COLUMBIA, SC — A state House panel Thursday approved a bill aimed at making public records more accessible.
Sponsored by state Rep. Bill Taylor, R-Aiken, the bill seeks to amend the Freedom of Information Act – the law regulating public records – to curb excessive fees charged those seeking records and ensure those requests are filled in a timely manner.
Supporters laud the bill as a way to ensure the state’s public records law achieves its intent.
S.C. Press Association president Bill Rogers endorsed the bill, calling it a “reasonable compromise” that will make it easier to gain access to records while allowing public agencies to recoup the cost of fulfilling requests for information.
After two days of testimony, the House Judiciary subcommittee approved the bill with an amendment changing how much public bodies can charge for providing documents.
Previous proposals would have prohibited or limited charges that government agencies could charge for staff time spent fulfilling requests. That was unpopular with public agencies that deal with numerous records requests.
Public agencies currently are required to tell those requesting records within 15 business days whether they have the information requested. But the existing state law says little about how much those agencies can charge to provide information and nothing about when they must produce the records.
If Taylor’s proposal becomes law, public bodies and officials would have 10 business days to respond to requests and a total of 30 days to provide documents. If the information requested is more than two years old, the agencies would have a total of 45 days.
The bill also would:
• Require the public body to post online what it charges to produce records
• Limit those fees to the cost of the search, retrieval and redaction of records
• Limit copying fees to commercial rates and prohibit charging for documents stored or delivered in electronic format
Limit charges for staff time to the pro-rated hourly salary of the lowest-paid employee with the skills and training to fulfill the request.
The bill also would create a Freedom of Information Act Review Office within the state’s Administrative Law Court. The office would hear appeals from members of the public who think they are being stonewalled by agencies.
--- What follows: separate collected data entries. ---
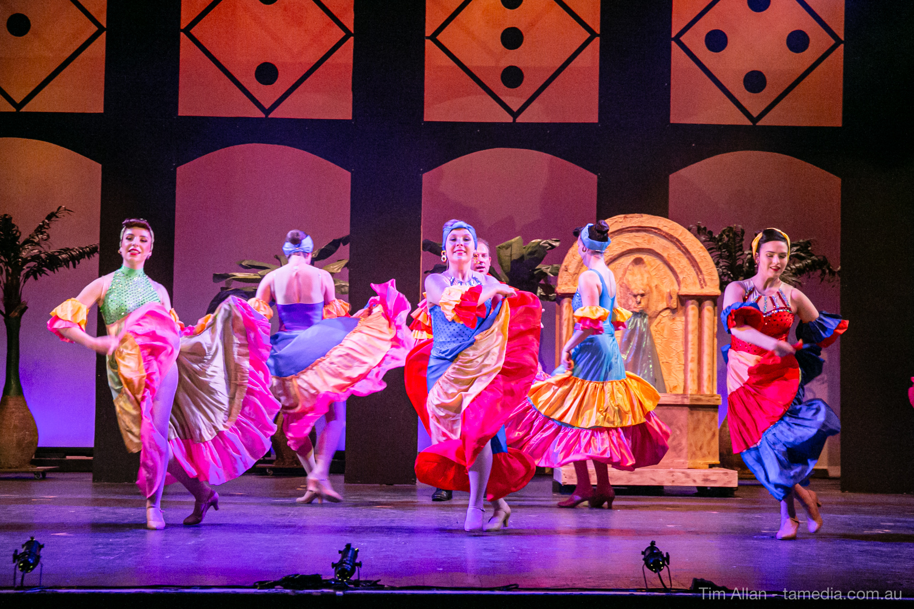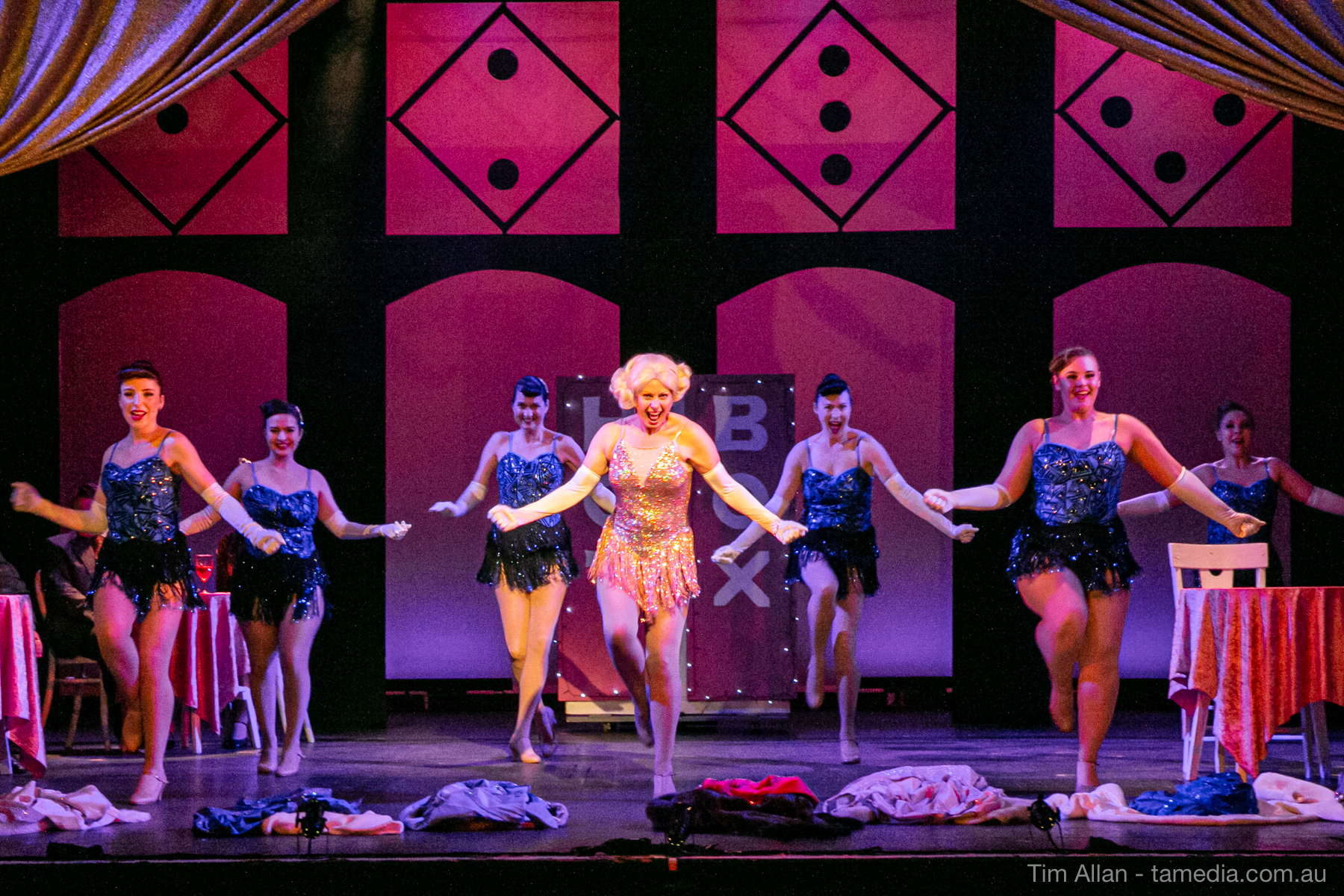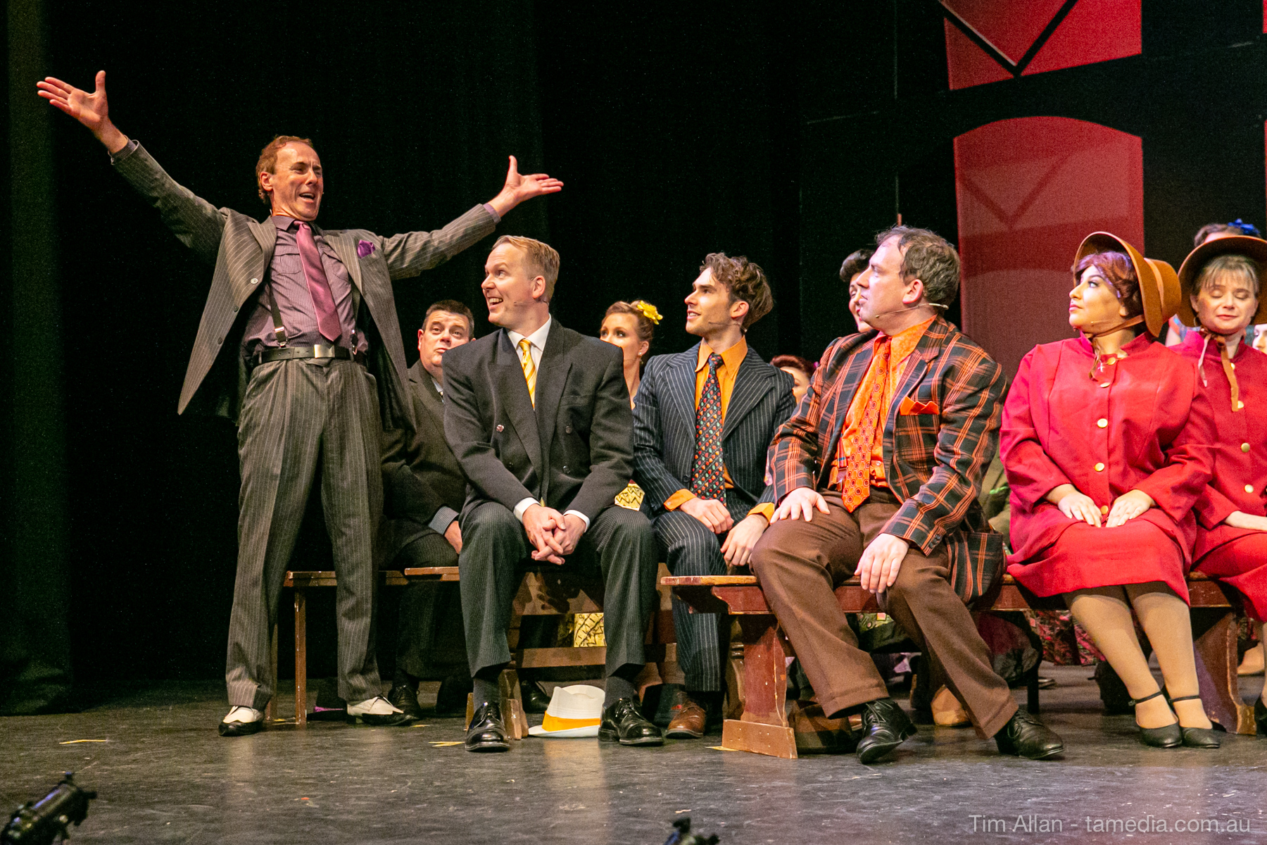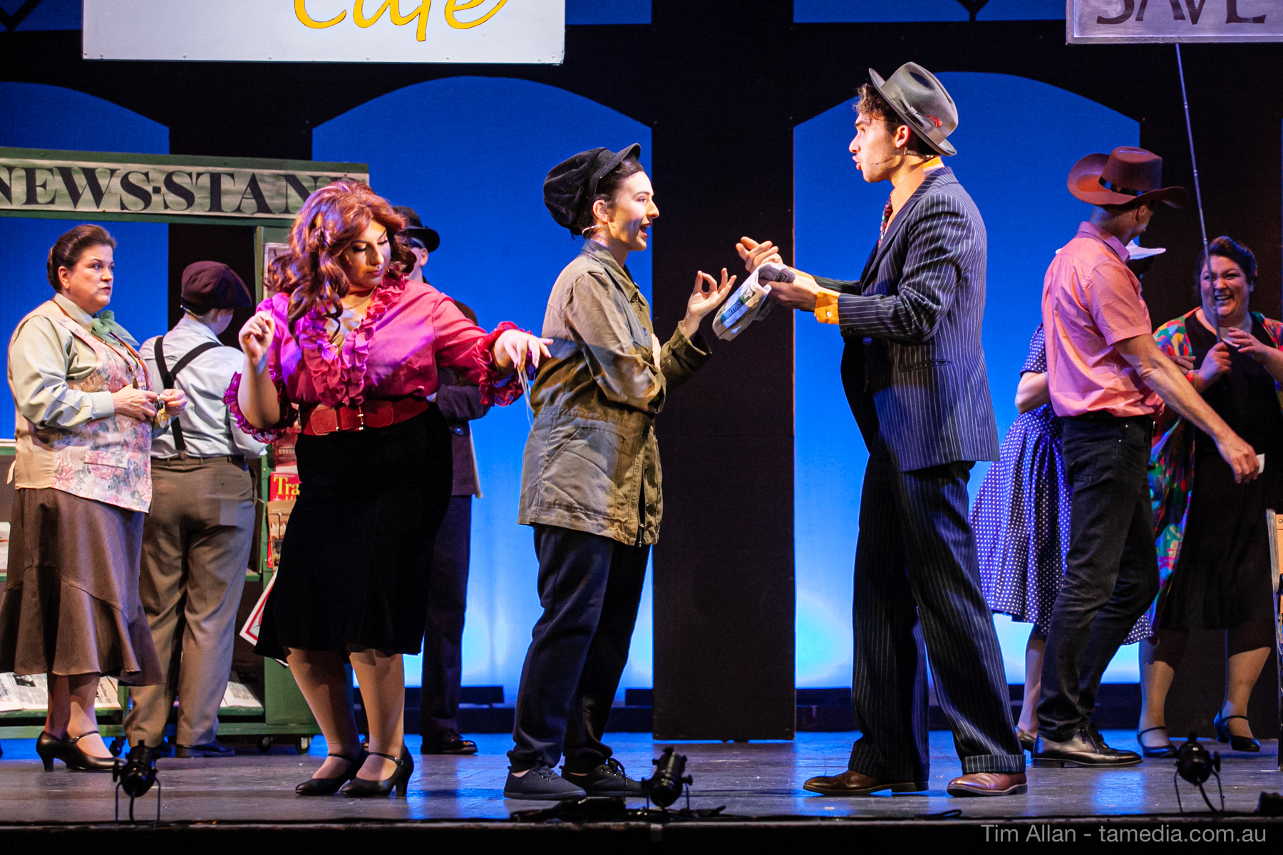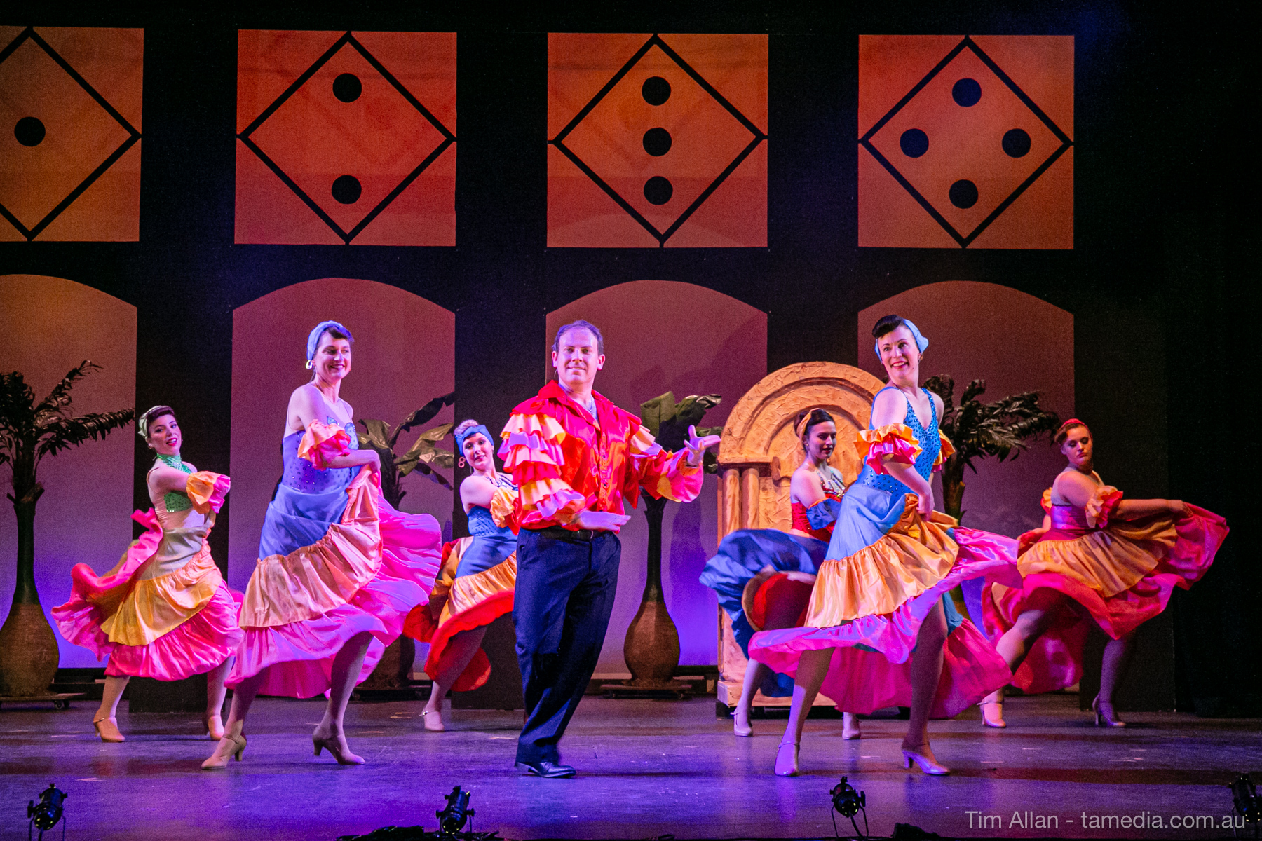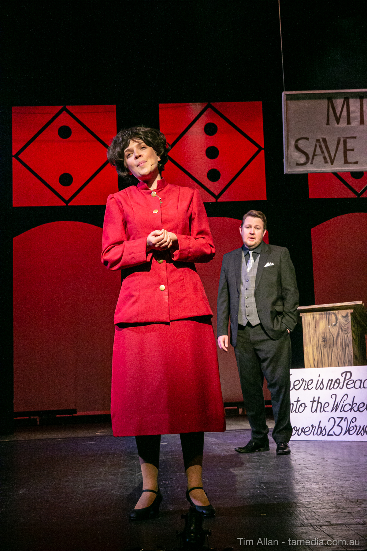 Set in the bustling Manhattan of Damon Runyon’s short stories, Guys and Dolls is a Depression era romantic comedy featuring crap games, horse races, gamblers, show girls and the evangelist members of a downtown Mission. Con-man Nathan Detroit is seeking a new location for his notorious ‘floating’ crap game, but he doesn’t have the dough he needs for a down payment. Enter Sky Masterson, a high-rolling gambler willing to take on any honest bet with a high enough reward attached. Nathan bets Sky that he can’t take the “doll”, of Nathan’s choosing, on a date to Havana, Cuba. When Sky agrees to the bet, Nathan chooses uptight Evangelist Sergeant Sarah Brown, head of Broadway’s Save-a-Soul Mission. Sky thinks he’s been duped, but he’s in for even more of a surprise when his efforts to woo Sarah are so successful that he falls in love with her himself! Meanwhile Nathan is under pressure from his long time ‘fiancee’ and night club dancer, Miss Adelaide, to settle down and get married. What are the odds?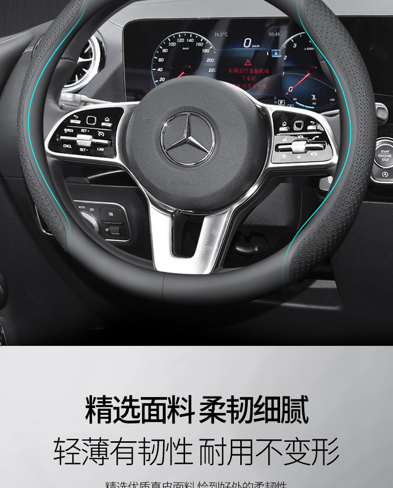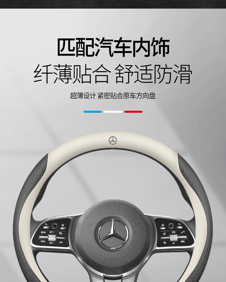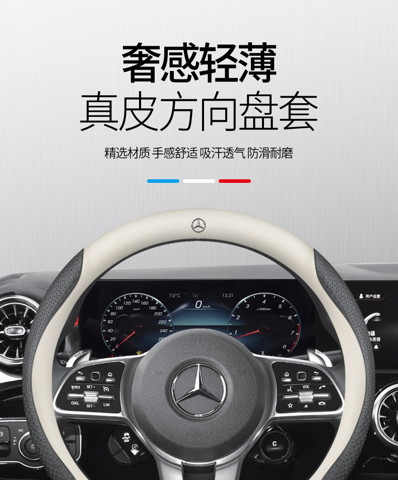 적용 가능한 메르세데스-벤츠 시리즈 자동차 스티어링 휠 C200C260L E260E300L GLA200 미끄럼 방지 가죽 핸들 커버
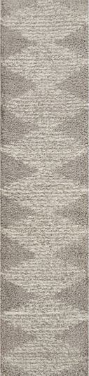 Inspired by Moroccan rugs, our modern striped rug has a soft, low shag pile. The geometric pattern is woven in gray on an ivory background; our diamond stripe design has mid-century flair. Add graphic punch to your living room, bedroom, or reading nook with this easy-care rug.

Public agencies also could seek relief from unreasonable requests.
Jay Bender, a media law attorney who sometimes represents The State and Reid H. Montgomery Freedom of Information Chair at the University of South Carolina, said the review office is “a quicker, flexible avenue to resolve disputes” than filing a lawsuit.
Bender said the current system deters people from fighting for public records because of “the cost (and) the fear of having to hire a lawyer to go do something that you shouldn’t have to hire a lawyer to go do.”
The bill now goes to the full Judiciary Committee for consideration.